The International Panel on Climate Change (IPCC) predicts that average annual and daily temperatures in Tanzania will rise 2-4°C by 2075 as a direct result of anthropogenic climatic changes. Predicted resulting decreases in rainfall have the potential to undermine current and future efforts to eradicate poverty in Tanzania. Over 90% of the population is dependent on agriculture or agricultural activities. The variability and unpredictability of precipitation strongly affects agricultural production through poor water availability and soil erosion, as well as increases of pests and diseases. In rural regions of Tanzania modern adaptation methods to these challenges can be expensive, confusing, and difficult to access. As a result, these communities rely on traditional practices for adaptation that should be documented and analyzed for potential standardization and replication. This study documents the current impacts of climate change on the village of Buger in Karatu District, Tanzania and the existing local adaptation methods.

The primary methods used in the research were focus group discussions and structured interviews. The focus groups ranked the impacts of climate change by severity and several agricultural practices by effectiveness in increasing production. A semi-structured questionnaire was completed through interviews at 106 households in the village.
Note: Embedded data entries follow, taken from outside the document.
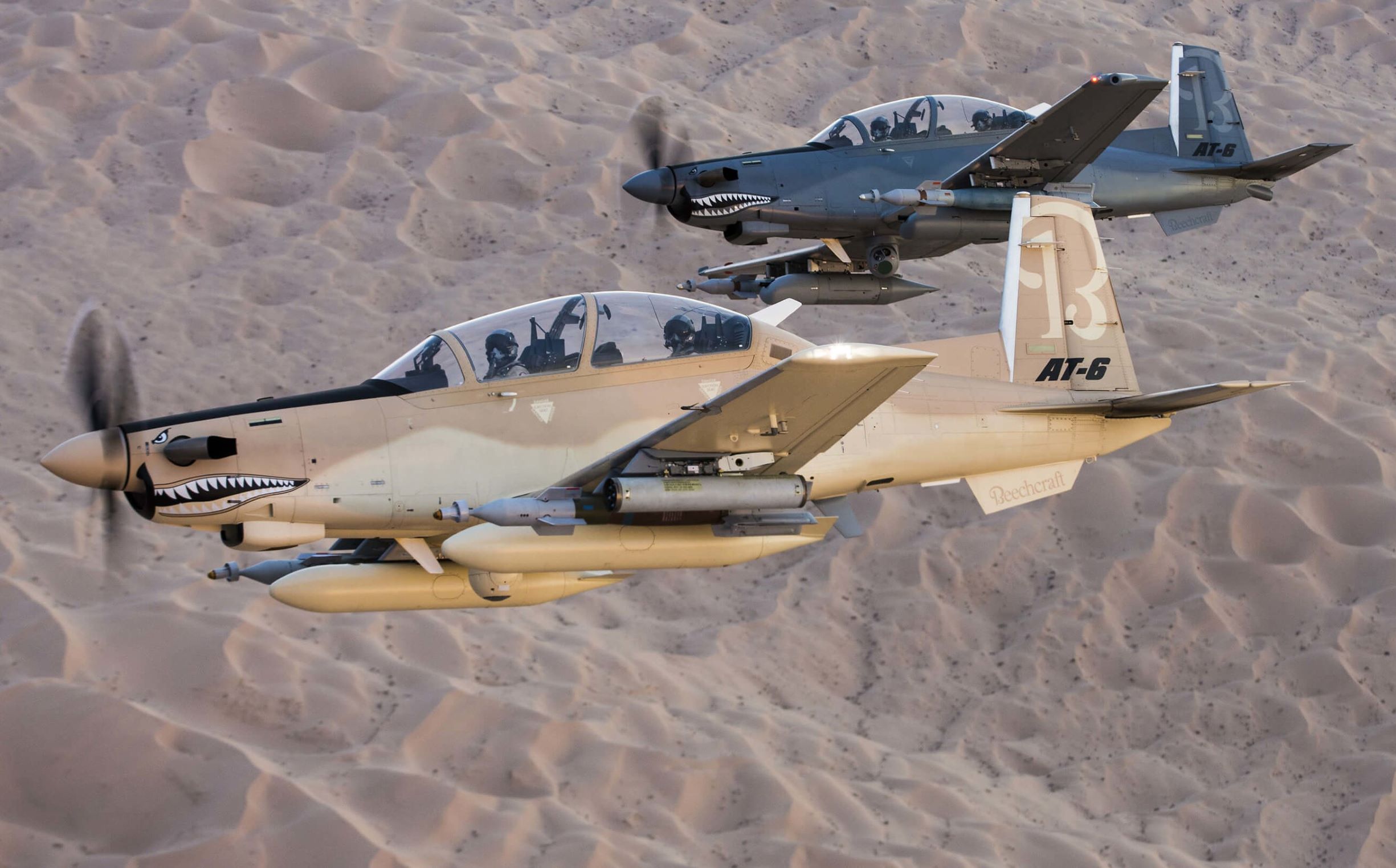 L’expansion au début du 21e siècle des conflits asymétriques menées par les forces américaines en Afghanistan puis en Irak mais aussi par certains alliés de Washington DC comme la France poussèrent les avionneurs à repenser la place de l’aéronef dans ces guerres. Des jets de combat classiques comme l’avion d’attaque Fairchild-Republic A-10C Thunderbolt II ou le chasseur de pénétration McDonnell-Douglas F-15E Strike Eagle n’étaient-ils pas désormais disproportionnés ? C’est en partant de ce constat que plusieurs programmes furent lancés, souvent sur fonds propres, afin de répondre à un besoin naissant : celui d’avions plus rustiques mais disposant d’un armement tout de même de pointe. Et l’une des réponses fut celle du Beechcraft AT-6 Wolverine.
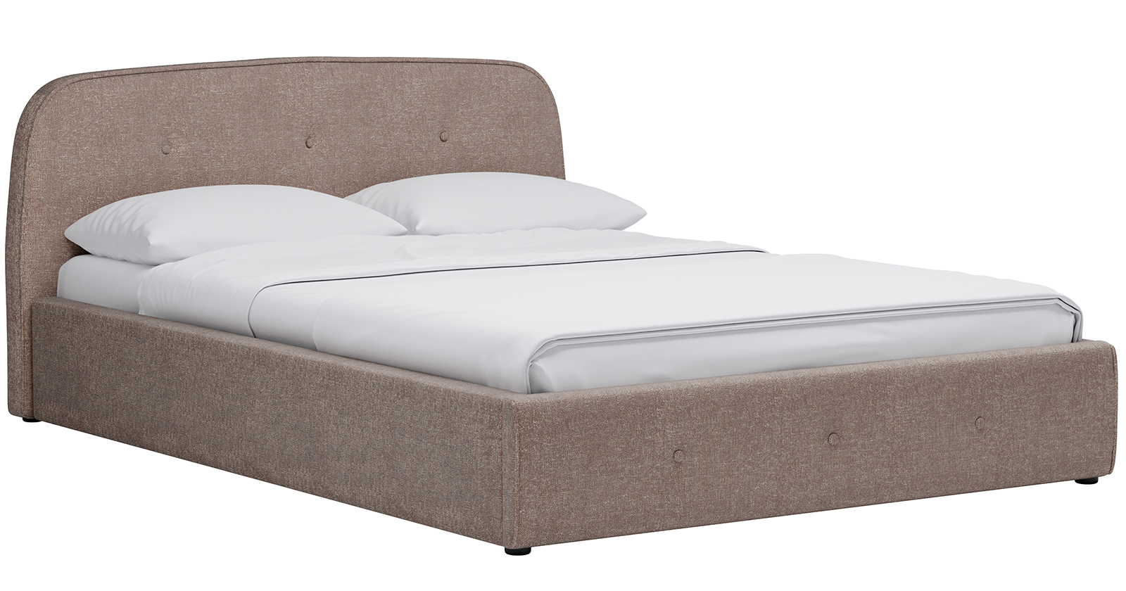Кровать Миа 160 рогожка бежево-коричневый, кант желтовато-коричневый с ортопедическим основанием и подъемным механизмом
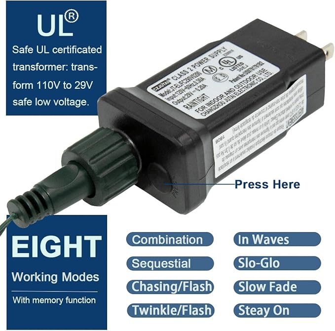 - 【Intelligent 8 Lighting Modes Twinkle Lights】: 8 Functions modes to fit different occasions, moods, feelings, holidays, festivals, anniversaries, etc. (Combination, In waves, Sequential, Slow Glow, Chasing/Flash, Slow fade, Twinkle/Flash, Steady on). Adjust the lighting modes by pressing the round button on the adapter. And it will intelligent remember your last choice, no need to reset every time.
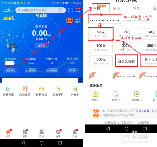 首先小编这里是已经下载安装并利用手机注册登录了联通手机营业厅,点击手机上的联通手机营业厅——点击首页——充值中间——选择:手机——输入腾讯大王卡号——选择一种固定面额的话费。Tips:也可以点击自界说金额或积分交费
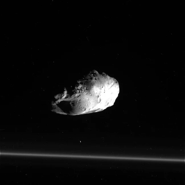 Another satellite of Saturn, Prometheus, as it turns out, is also very similar to food. It is heavily cratered and oblong in shape, making it look like a space potato. Moreover, it is also reddish-brown. What kind is this?

Through this study it became clear that predicted climatic changes are already being felt in Buger, primarily increased drought frequency and duration. The villagers reported decreases in the rainy season by five to six months. A high reliance on natural resources leaves villagers vulnerable to these changes through effects such as decreased agricultural production, pasture availability and water availability as well as increases in malaria.

Climate adaptation methods were documented, most directly related to agriculture. In general, the respondents preferred traditional methods (such as manure as fertilizer, terracing, tree planting, crop rotation, and intercropping) to modern methods (such as the use of short season seeds and the use of inorganic fertilizers and/or pesticides), suggesting that traditional methods are more accessible, affordable and effective and should be preserved and advocated within the region.

The beautiful village of Buger.

The beautiful village of Buger.

This information is from a paper produced as a part of an academic directed research semester at the School For Field Studies Center for Wildlife Management Studies (SFS) under the TAWIRI – permit 2012-241-NA-2012-57 and supervision of Professor John Mwamhanga. Please contact bowiee@dickinson.edu with questions or concerns.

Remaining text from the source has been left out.